Figure 3, A and B, shows the effect of reducing RPP on RBF. When the aortic clamp was tightened to reduce RPP to 95 mmHg, RBF significantly declined in HS rats by 21 ± 1% from a baseline of 12.0 ± 0.5 to 9.5 ± 0.5 ml/min compared with no change in NS rats (from 8.6 ± 0.9 to 8.7 ± 1.0 ml/min, P < 0.05; Fig. 3A). The AI for NS rats was −0.01 ± 0.32, indicating efficient autoregulatory behavior. The AI calculated for HS rats averaged 1.38 ± 0.22, indicating a significant loss of autoregulation (P < 0.05; Fig. 3C).

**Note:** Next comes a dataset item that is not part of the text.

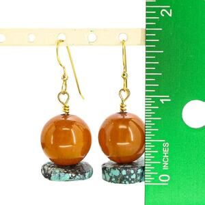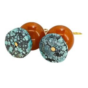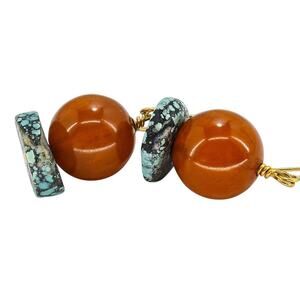 Unique Bakelite & Natural Spiderweb Turquois Drop Dangle Beaded Boho Earrings

Figure 4, A and B, shows the effect of a HS diet on autoregulation of GFR. As shown in Fig. 4A, HS rats exhibited a significant decrease in GFR when RPP was reduced from ambient to 95 mmHg. Normalized GFR was significantly reduced by 28 ± 2% from baseline in HS rats (462 ± 24 to 333 ± 26 μl·min−1·g body wt−1, P < 0.05), whereas NS rats exhibited only a 3 ± 0% (507.0 ± 47.0 to 490 ± 41 μl·min−1·g body wt−1) reduction in GFR. These results show that a HS diet blunts autoregulation of both RBF and GFR in vivo.
Chronic apocynin restores blunted autoregulation of RBF in HS rats.
Treatment of HS rats with apocynin had no effect on renal excretory function or SBP (Table 1). Figure 3, A and B, shows the effects of apocynin in the drinking water on RBF autoregulation. Baseline RBF was similar in the HS + apocynin rats compared with HS rats (12.5 ± 0.5 vs. 12.1 ± 0.5 ml/min; Fig. 2A). However, as shown in Fig. 3, A and B, reducing RPP to 95 mmHg revealed significantly improved RBF autoregulation in HS + apocynin rats compared with HS rats alone. HS + apocynin rats exhibited only a 9 ± 0% decrease in RBF from baseline (12.5 ± 0.5 to 11.3 ± 0.5 ml/min) compared with the 21 ± 1% reduction in RBF observed in HS rats (P < 0.05; Fig. 3B). Assessment of the AI for these groups (Fig. 3C) revealed that autoregulation was improved by ∼50% from 1.4 ± 0.2 for HS rats to 0.7 ± 0.2 for HS + apocynin rats (P < 0.05). Vehicle treatment of HS rats had no effect on RBF autoregulation, with AI determined to be 1.37 ± 0.25. These data suggest that ROS generation by NADPH oxidase contributes to the blunted RBF autoregulatory response observed in rats fed a HS diet.
Apocynin restores blunted autoregulation of GFR in HS rats.
As shown in Fig. 4, A and B, apocynin also significantly improved autoregulation of GFR. GFR declined by just 10 ± 1% in HS + apocynin rats compared with 28 ± 2% in HS rats (Fig. 4B). Apocynin treatment had no significant effect on autoregulation of GFR in NS rats (473 ± 37 μl·min−1·g body wt−1 at 110 mmHg compared with 419 ± 22 μl·min−1·g body wt−1 at 95 mmHg; Fig. 4A). From these findings, we conclude that apocynin-sensitive ROS production is involved in HS-blunted autoregulation of GFR.
HS diet increases renal lipid peroxidation and p67phox expression.
4-HNE was measured in the renal cortex and medulla to determine the extent of lipid peroxidation in kidneys from rats on NS and HS diets with and without apocynin treatment. As shown in Fig. 5A, HS increased renal cortical lipid peroxidation by nearly 40% compared with kidneys from NS rats (P < 0.05). Apocynin treatment suppressed the increase in renal cortical 4-HNE staining (P < 0.05) in the HS + apocynin group to levels similar to the NS and NS + apocynin groups while having no significant effect in kidneys from NS rats.
Fig. 5.
Effect of HS diet and chronic oral Apo treatment on 4-hydroxy-2-nonenal (4-HNE) levels in the renal cortex and medulla. 4-HNE staining intensity is presented as arbitrary units across groups. *P < 0.05 vs. kidneys from the NS group; +P < 0.05 vs. kidneys from the HS + Apo group; #P < 0.05 vs. kidneys from the NS + Apo group.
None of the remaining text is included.